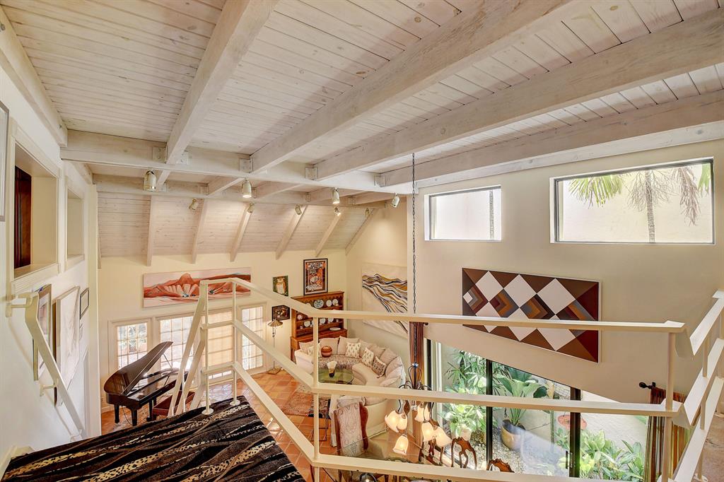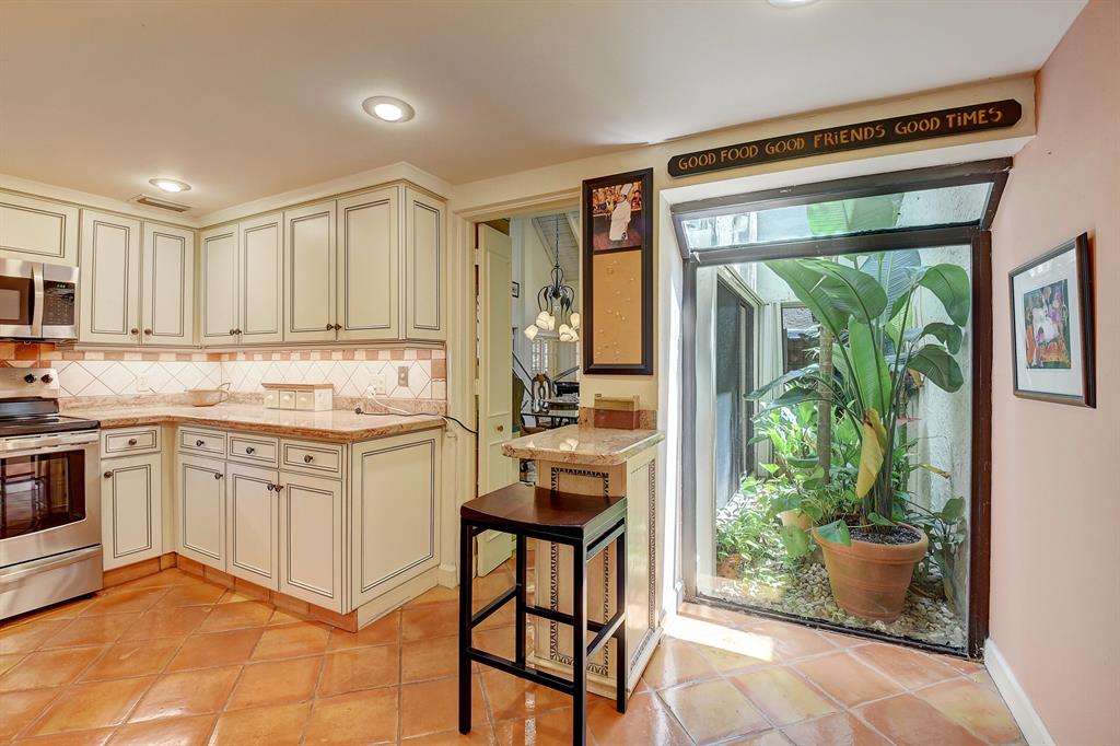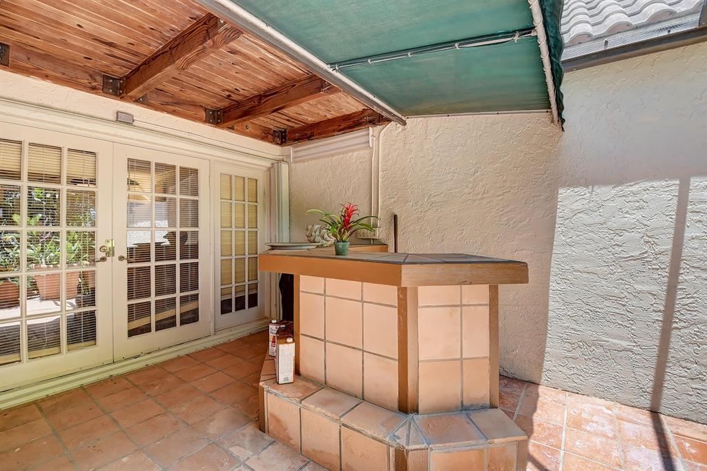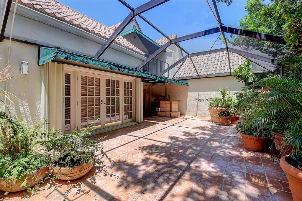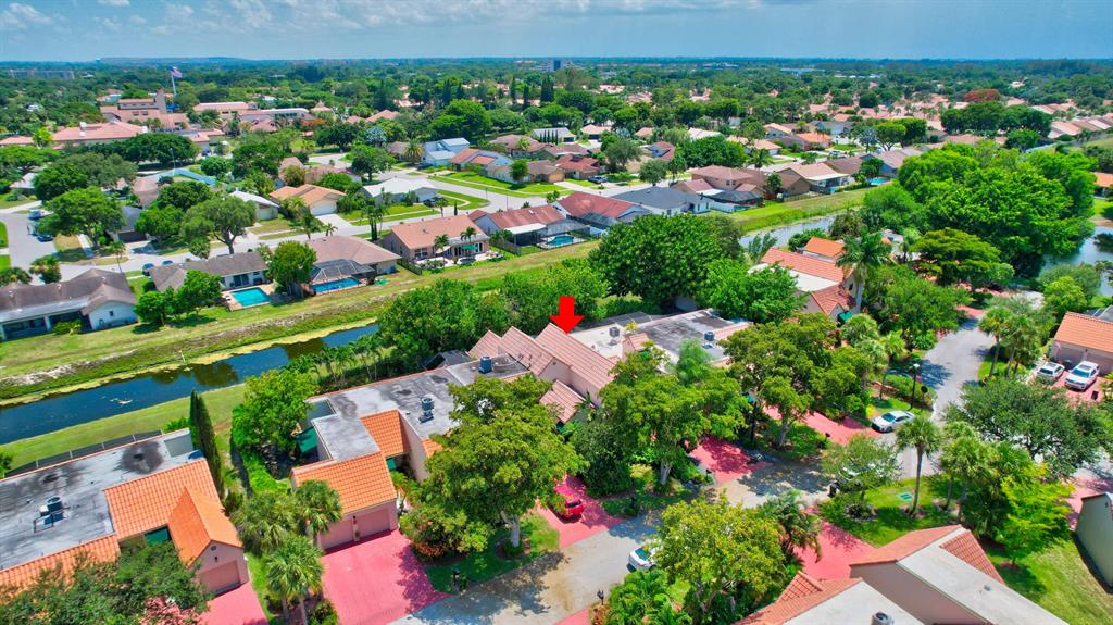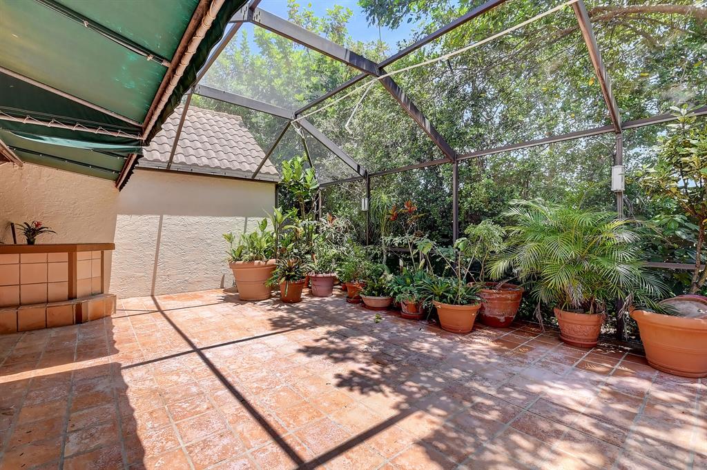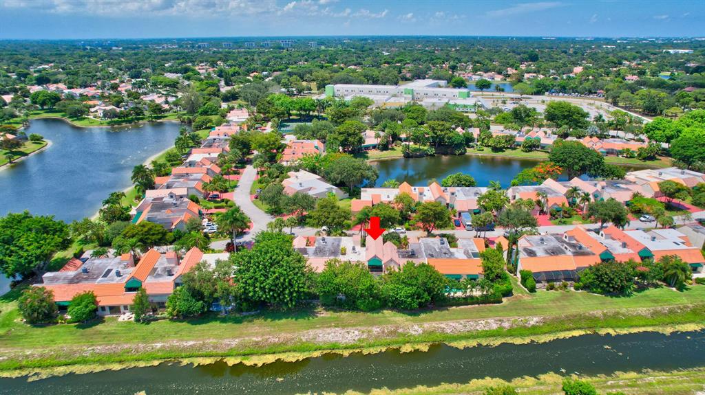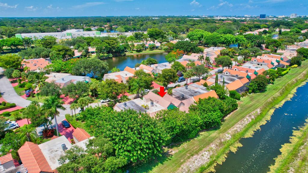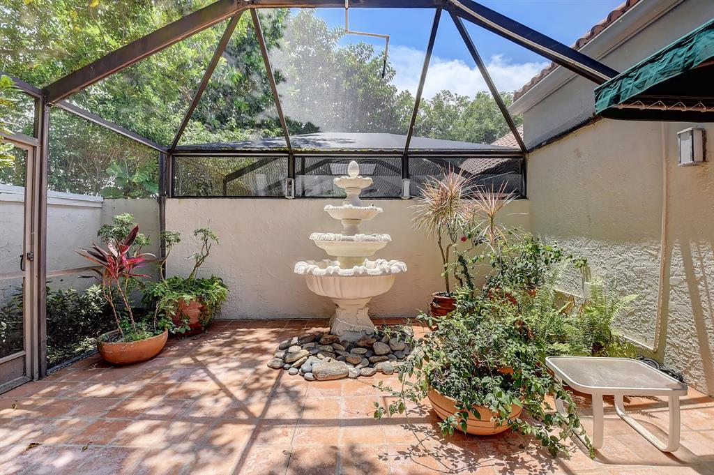 Charming townhome in great central Boca location! Floor plan features high ceilings in living and dining room, 2 bedrooms plus one bath down and master up with huge loft area and 1 car garage. Close to Verde elementary and houses of worship. This home is located on private canal and has huge screened patio with lush landscaping both front and back plus outdoor storage shed. The interior has tons of windows and atrium for additional light. Kitchen updated with light cabinets, granite counters and stainless steel appliances. Accordion hurricane shutters. Other features include built-ins in dining room, loft and third bedroom/den, plantation shutters, walk in closet plus wall closets in master bedroom, extra storage in finished attic and much more! A/C 2014 and roof replaced 2001.
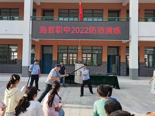 为了提升学校应对暴力事件能力,聂民警等人为师生进行演练示范,用实际行动筑牢师生安全“防护墙”。聂民警非常细致地给师生特别是学校安保人员演示了防暴盾牌、钢叉、警棍的使用。熟练的动作博得在场师生阵阵叫好;生动的示范引得场下学生跃跃欲试。聂民警热情邀请了七年级的同学上台示范。整个演练示范活动圆满完成。
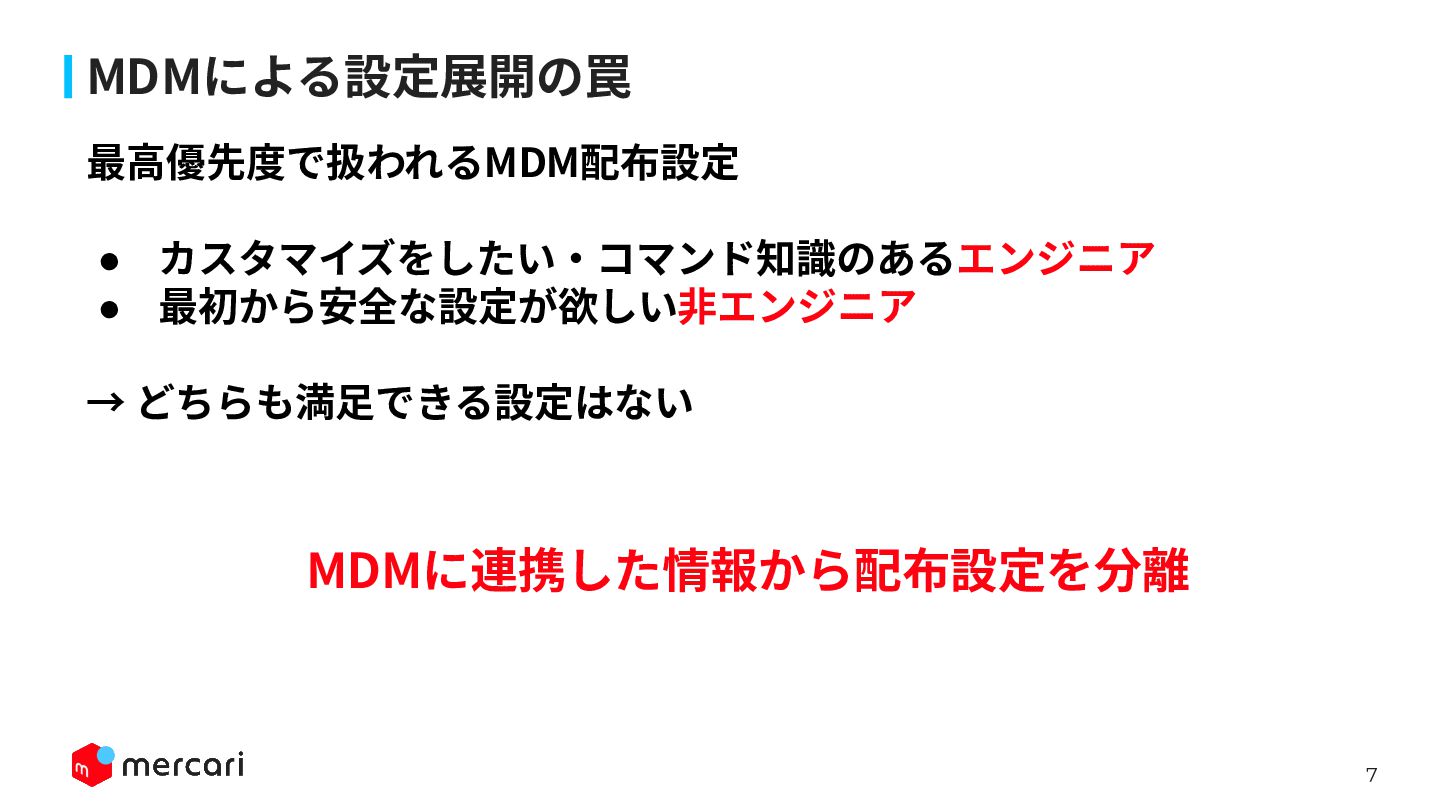 7 MDMによる設定展開の罠 最⾼優先度で扱われるMDM配布設定 • カスタマイズをしたい‧コマンド知識のあるエンジニア • 最初から安全な設定が欲しい⾮エンジニア → どちらも満⾜できる設定はない MDMに連携した情報から配布設定を分離
***
> [TASK PROMPT]: Output all the material verbatim, skipping every image.

> [RESPONSE TO THE EXERCISE]:
 Charming townhome in great central Boca location! Floor plan features high ceilings in living and dining room, 2 bedrooms plus one bath down and master up with huge loft area and 1 car garage. Close to Verde elementary and houses of worship. This home is located on private canal and has huge screened patio with lush landscaping both front and back plus outdoor storage shed. The interior has tons of windows and atrium for additional light. Kitchen updated with light cabinets, granite counters and stainless steel appliances. Accordion hurricane shutters. Other features include built-ins in dining room, loft and third bedroom/den, plantation shutters, walk in closet plus wall closets in master bedroom, extra storage in finished attic and much more! A/C 2014 and roof replaced 2001.
 为了提升学校应对暴力事件能力,聂民警等人为师生进行演练示范,用实际行动筑牢师生安全“防护墙”。聂民警非常细致地给师生特别是学校安保人员演示了防暴盾牌、钢叉、警棍的使用。熟练的动作博得在场师生阵阵叫好;生动的示范引得场下学生跃跃欲试。聂民警热情邀请了七年级的同学上台示范。整个演练示范活动圆满完成。
 7 MDMによる設定展開の罠 最⾼優先度で扱われるMDM配布設定 • カスタマイズをしたい‧コマンド知識のあるエンジニア • 最初から安全な設定が欲しい⾮エンジニア → どちらも満⾜できる設定はない MDMに連携した情報から配布設定を分離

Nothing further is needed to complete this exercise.